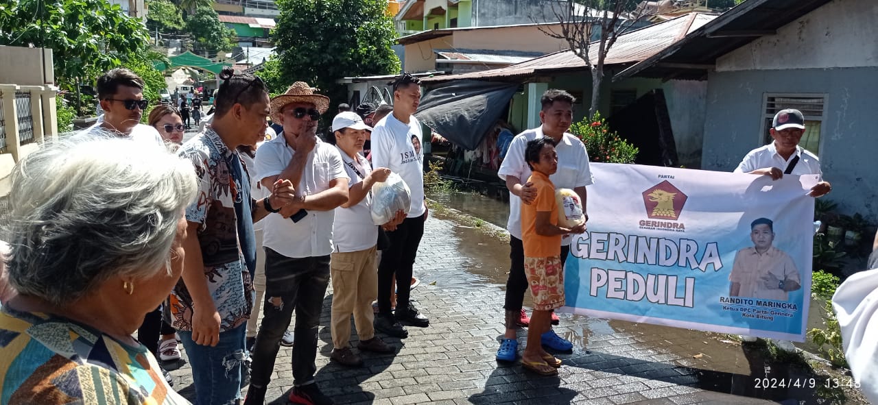 Pilarportal.com,Bitung – Ketua Partai Gerindra DPC Kota Bitung Randito Maringka yang merupakan calon legislatif dari dapil 4 Aertembaga Lembeh beserta jajaran pengurus menyambangi korban banjir bandang dan longsor di Kelurahan Pateten Dua Kecamatan Aertembaga dan Kelurahan Mawali, Kecamatan Lembeh Utara, Selasa (09/04/2024).
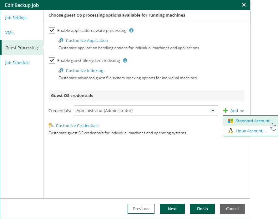 For machine guest OS indexing of Linux-based machines, a user account with root privileges on the machine is required. It is recommended that you create a separate user account for work with Veeam Backup & Replication on the Linux-based machine, grant root privileges to this account and specify settings of this account in the Guest OS credentials section.
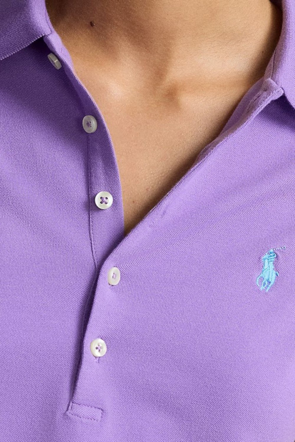 חולצת פולו בגזרת סלים מבית Polo Ralph Lauren, עשויה כותנה בצבע סגול עם סמל הפולו בתכלת.
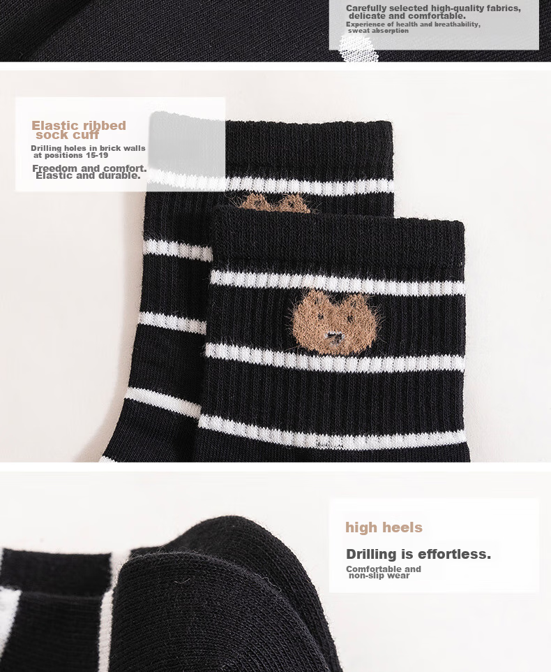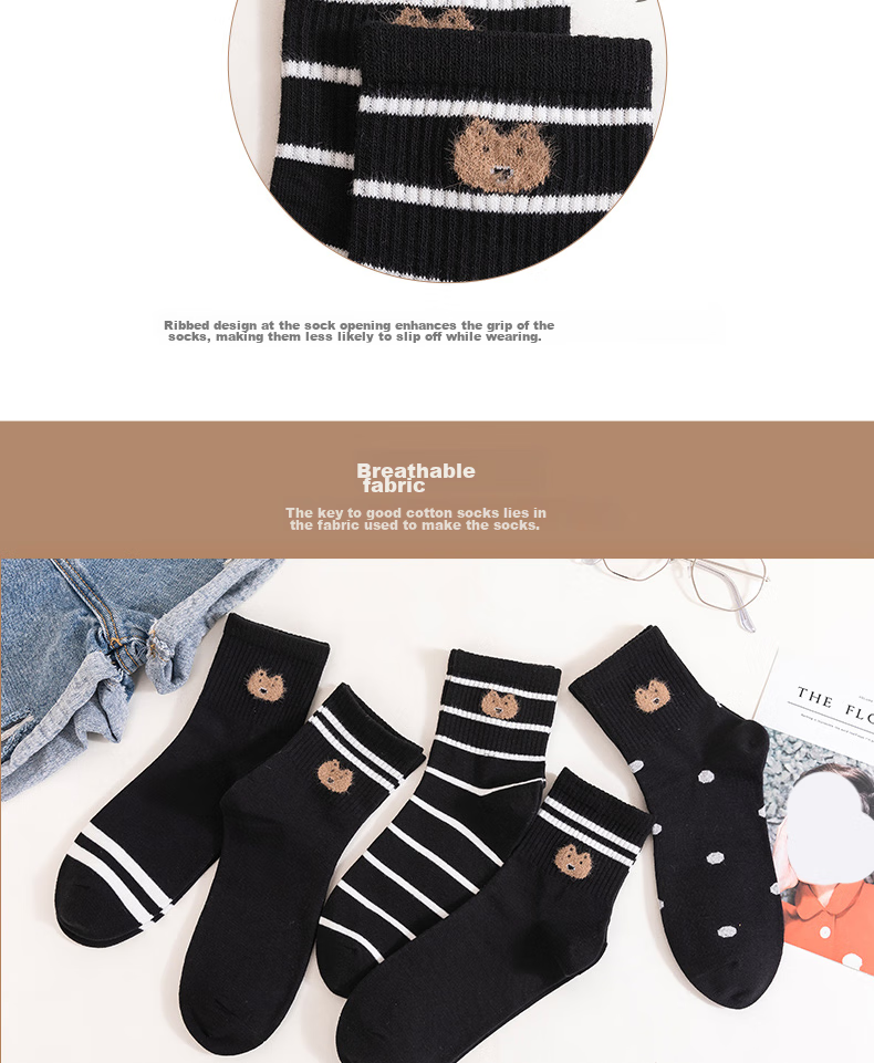 Features: Soft and comfortable, breathable, skin-friendly, elastic cuff design, comfortable rubber band at the sock opening, seamless stitching, ribbed design for enhanced grip, durable and breathable fabric

## PROBLEM STATEMENT:
This exercise asks for an exact copy of the lines from the first one in the data through the line that contains "חולצת פולו בגזרת", pictures excluded.

## TASK RESPONSE:
 Pilarportal.com,Bitung – Ketua Partai Gerindra DPC Kota Bitung Randito Maringka yang merupakan calon legislatif dari dapil 4 Aertembaga Lembeh beserta jajaran pengurus menyambangi korban banjir bandang dan longsor di Kelurahan Pateten Dua Kecamatan Aertembaga dan Kelurahan Mawali, Kecamatan Lembeh Utara, Selasa (09/04/2024).
 For machine guest OS indexing of Linux-based machines, a user account with root privileges on the machine is required. It is recommended that you create a separate user account for work with Veeam Backup & Replication on the Linux-based machine, grant root privileges to this account and specify settings of this account in the Guest OS credentials section.
 חולצת פולו בגזרת סלים מבית Polo Ralph Lauren, עשויה כותנה בצבע סגול עם סמל הפולו בתכלת.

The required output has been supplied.